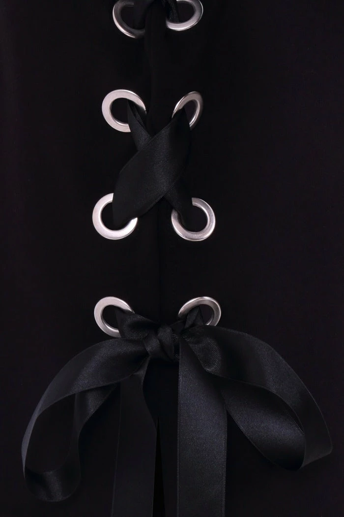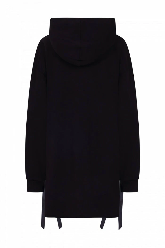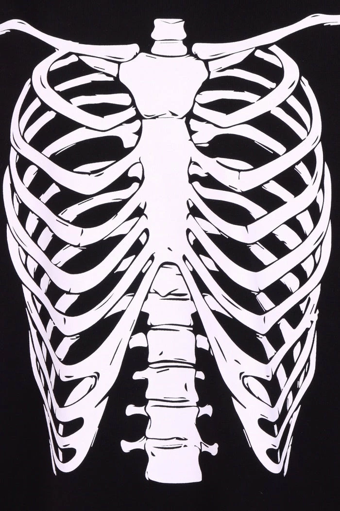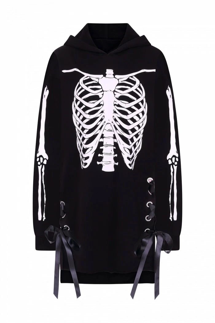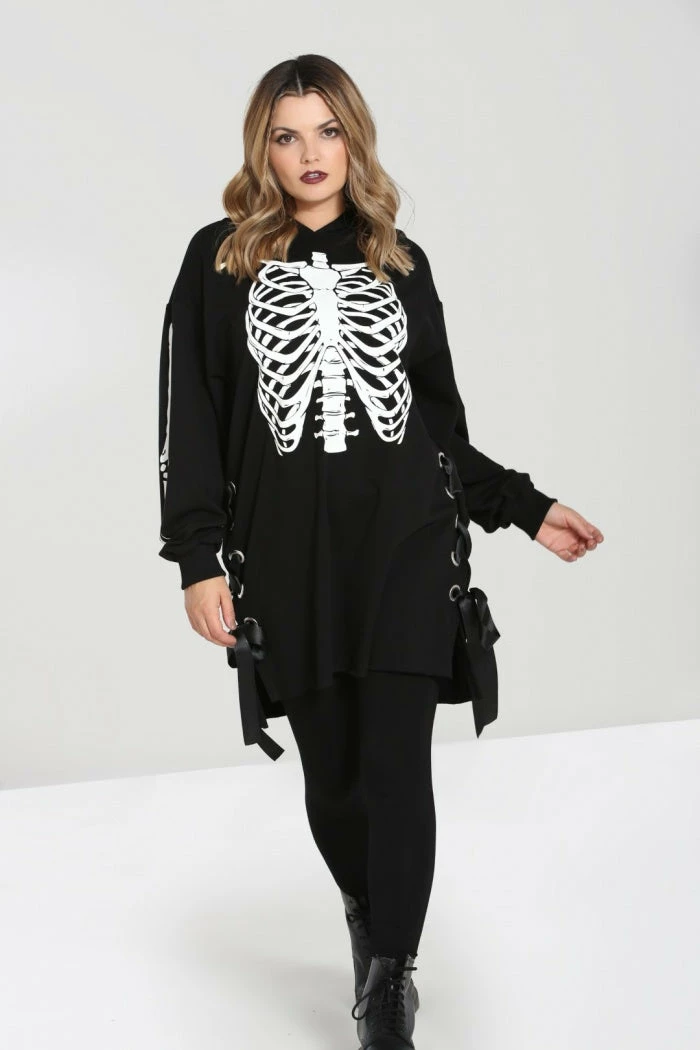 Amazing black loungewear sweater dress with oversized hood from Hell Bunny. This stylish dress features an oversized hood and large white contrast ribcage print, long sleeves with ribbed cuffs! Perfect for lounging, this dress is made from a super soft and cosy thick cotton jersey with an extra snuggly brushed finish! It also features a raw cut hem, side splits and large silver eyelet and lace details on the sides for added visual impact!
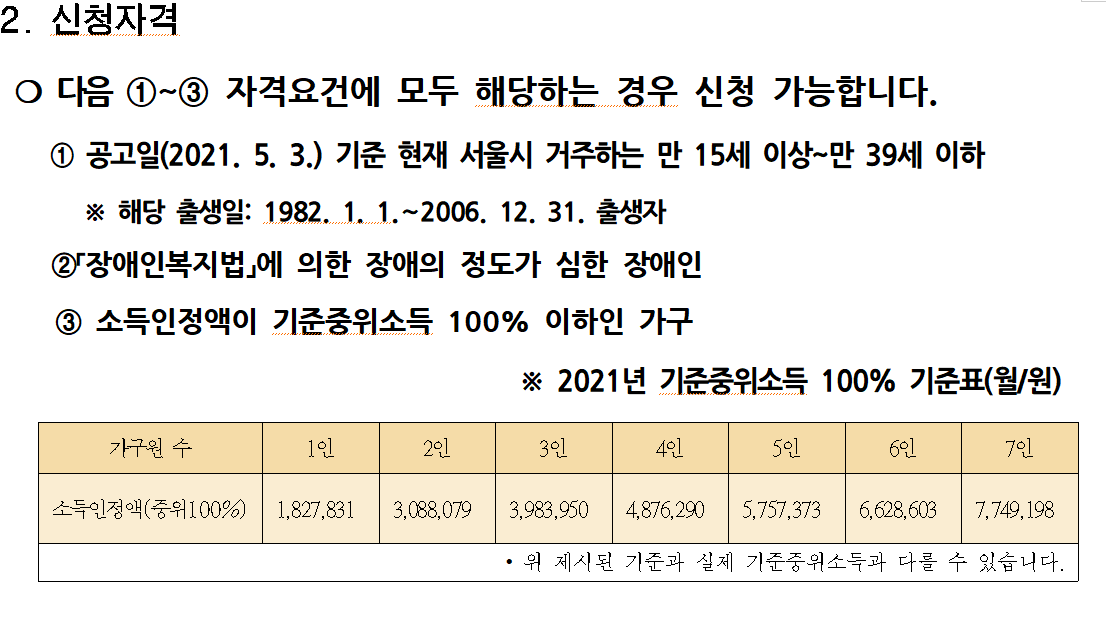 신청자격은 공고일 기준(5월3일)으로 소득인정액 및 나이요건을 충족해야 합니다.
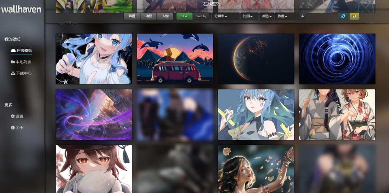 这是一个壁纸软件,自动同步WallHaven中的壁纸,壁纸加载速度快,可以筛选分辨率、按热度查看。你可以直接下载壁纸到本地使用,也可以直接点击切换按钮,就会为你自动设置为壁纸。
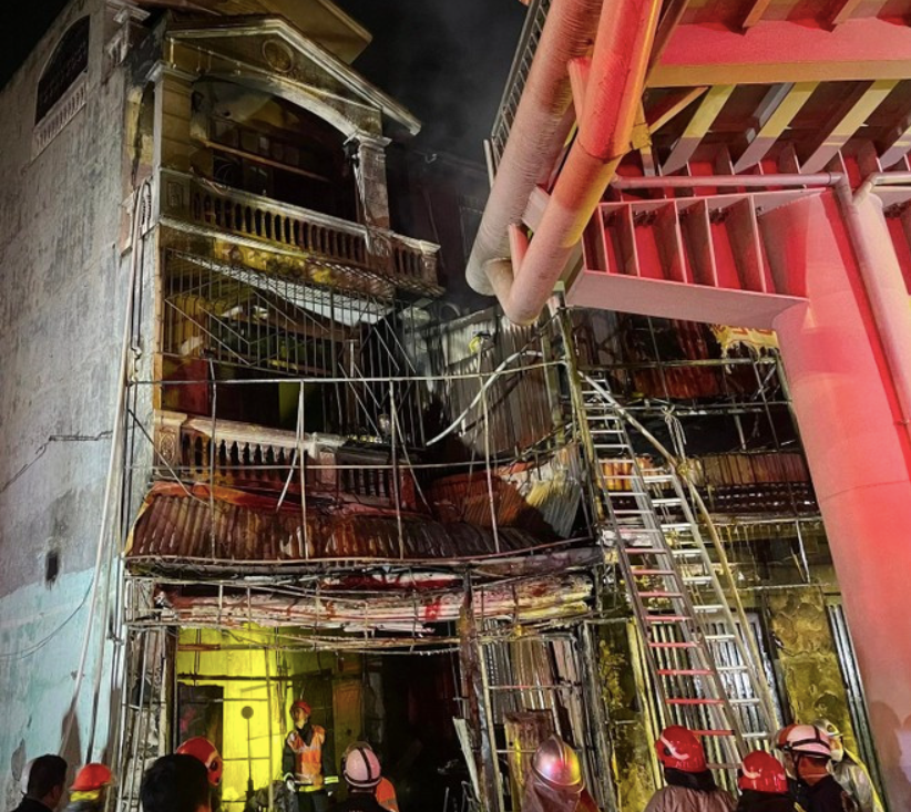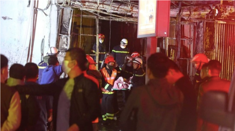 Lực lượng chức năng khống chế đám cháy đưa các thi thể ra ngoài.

**Try it**:
The job here is to retype the data exactly, with no pictures included.

**Problem solution**:
 Amazing black loungewear sweater dress with oversized hood from Hell Bunny. This stylish dress features an oversized hood and large white contrast ribcage print, long sleeves with ribbed cuffs! Perfect for lounging, this dress is made from a super soft and cosy thick cotton jersey with an extra snuggly brushed finish! It also features a raw cut hem, side splits and large silver eyelet and lace details on the sides for added visual impact!
 신청자격은 공고일 기준(5월3일)으로 소득인정액 및 나이요건을 충족해야 합니다.
 这是一个壁纸软件,自动同步WallHaven中的壁纸,壁纸加载速度快,可以筛选分辨率、按热度查看。你可以直接下载壁纸到本地使用,也可以直接点击切换按钮,就会为你自动设置为壁纸。
 Lực lượng chức năng khống chế đám cháy đưa các thi thể ra ngoài.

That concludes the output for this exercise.